* INFORMATION PROVIDED *
————

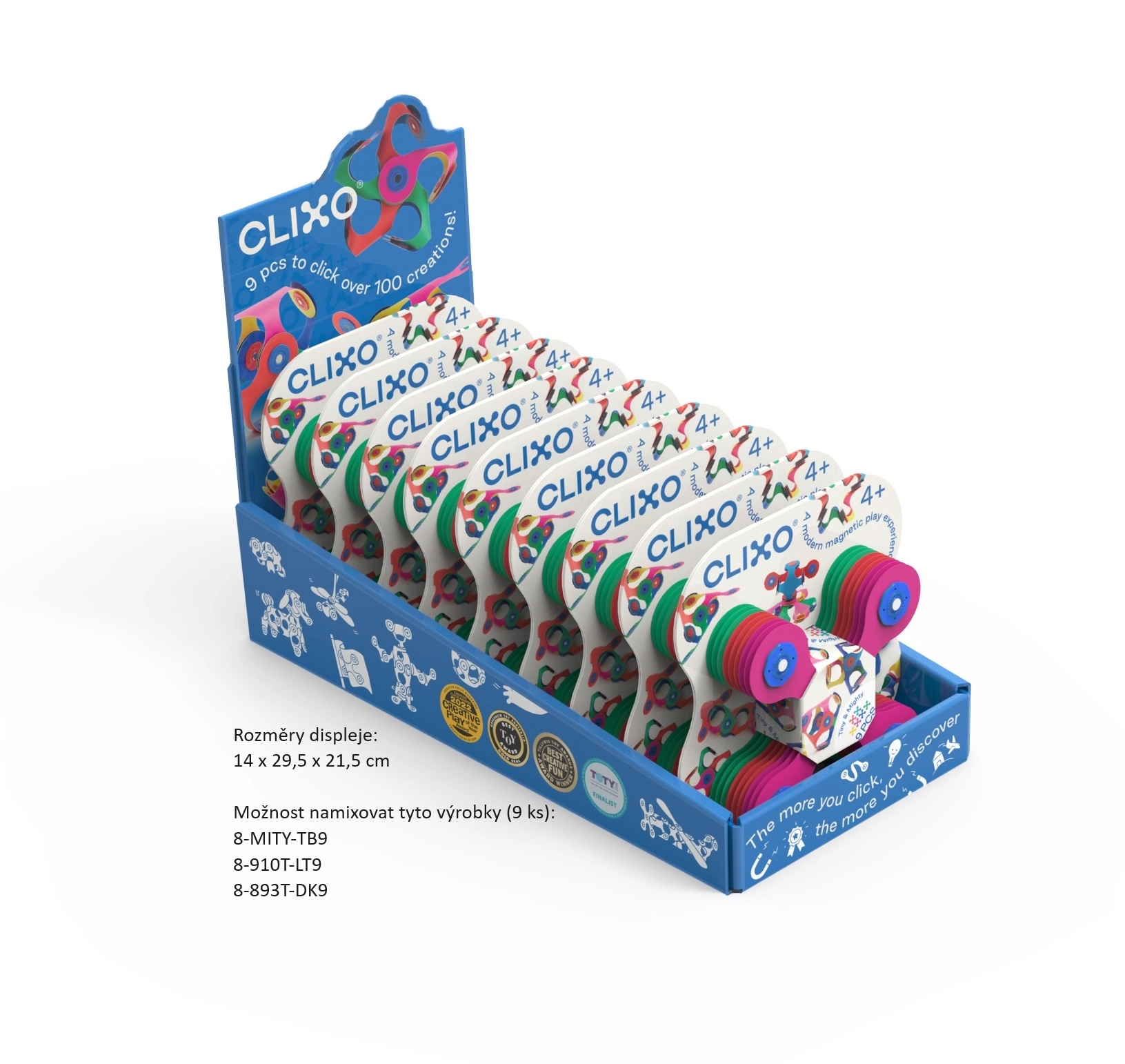 CLIXO Designer smėlio ir pilkos spalvų derinyje suteikia išmanų magnetinį konstravimą kišeniniu formatu. Lanksčios keturlapės formos detalės jungiasi stipriais magnetais, o 360° pasukimas leidžia lengvai prisitaikyti prie bet kurios idėjos. Pastatykite iki 100 skirtingų kūrinių – tiltą, vikšrą, vėjo malūnėlį, dubenėlį ar figūrėles – ir akimirksniu juos išardykite.
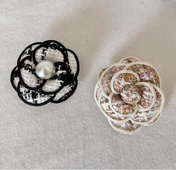 Flower Hair Clip that comes in both a black flower, white flower and Pink
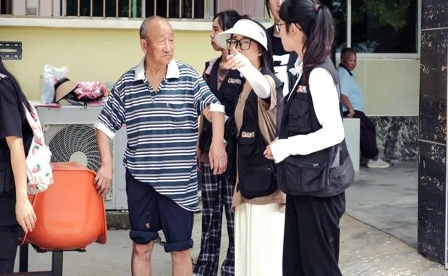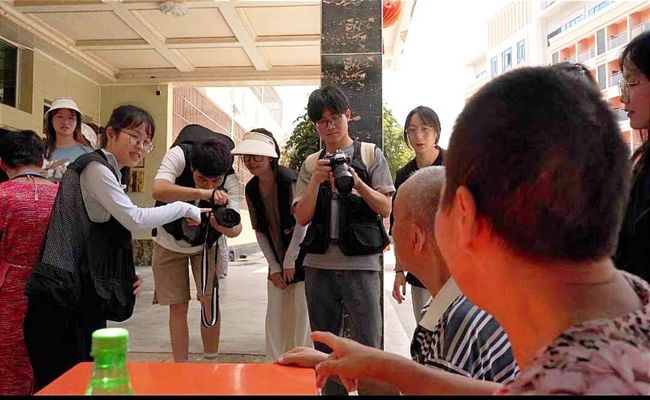 7月11日,实践队一行早早来到川硐敬老院,与老人话家常,为老人揉肩按摩,关注他们的身体健康。在了解敬老院老人的基本情况后,实践队成员开始架相机、摆相框、开电脑,为拍照做准备。拍摄过程中,实践队成员边沟通边引导,“爷爷,看镜头,一、二、三,茄子!”“奶奶,放轻松,笑一笑!”在进行拍摄的同时,实践队成员也耐心为老人们讲解反诈、禁毒常识,利用发生在身边的真实案例,以通俗易懂的方式普及常见的网络诈骗的形式、毒品的危害以及防范措施。
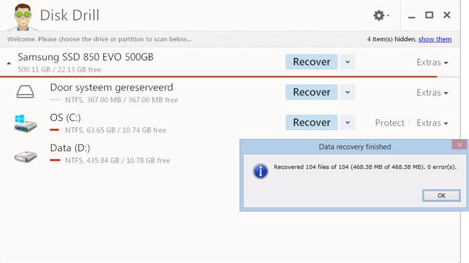 Het kan iedereen overkomen: je bent lekker aan het werk en plotseling mis je een bestand of map. Per ongeluk weggegooid? Geen paniek! Disk Drill is gespecialiseerd in het zoeken en herstellen van verwijderde bestanden. Het programma kijkt eerst naar sporen waarna je kunt bladeren door de verwijderde bestanden en mappen. Selecteer de bestanden (of mappen) die je wilt herstellen en klik op Recover. Herstel bij voorkeur naar een andere schijf (of usb-stick) dan de originele opslaglocatie.

————

In your answer, set down the full listing word for word and include no pictures.

* WRITTEN REPLY *
 CLIXO Designer smėlio ir pilkos spalvų derinyje suteikia išmanų magnetinį konstravimą kišeniniu formatu. Lanksčios keturlapės formos detalės jungiasi stipriais magnetais, o 360° pasukimas leidžia lengvai prisitaikyti prie bet kurios idėjos. Pastatykite iki 100 skirtingų kūrinių – tiltą, vikšrą, vėjo malūnėlį, dubenėlį ar figūrėles – ir akimirksniu juos išardykite.
 Flower Hair Clip that comes in both a black flower, white flower and Pink
 7月11日,实践队一行早早来到川硐敬老院,与老人话家常,为老人揉肩按摩,关注他们的身体健康。在了解敬老院老人的基本情况后,实践队成员开始架相机、摆相框、开电脑,为拍照做准备。拍摄过程中,实践队成员边沟通边引导,“爷爷,看镜头,一、二、三,茄子!”“奶奶,放轻松,笑一笑!”在进行拍摄的同时,实践队成员也耐心为老人们讲解反诈、禁毒常识,利用发生在身边的真实案例,以通俗易懂的方式普及常见的网络诈骗的形式、毒品的危害以及防范措施。
 Het kan iedereen overkomen: je bent lekker aan het werk en plotseling mis je een bestand of map. Per ongeluk weggegooid? Geen paniek! Disk Drill is gespecialiseerd in het zoeken en herstellen van verwijderde bestanden. Het programma kijkt eerst naar sporen waarna je kunt bladeren door de verwijderde bestanden en mappen. Selecteer de bestanden (of mappen) die je wilt herstellen en klik op Recover. Herstel bij voorkeur naar een andere schijf (of usb-stick) dan de originele opslaglocatie.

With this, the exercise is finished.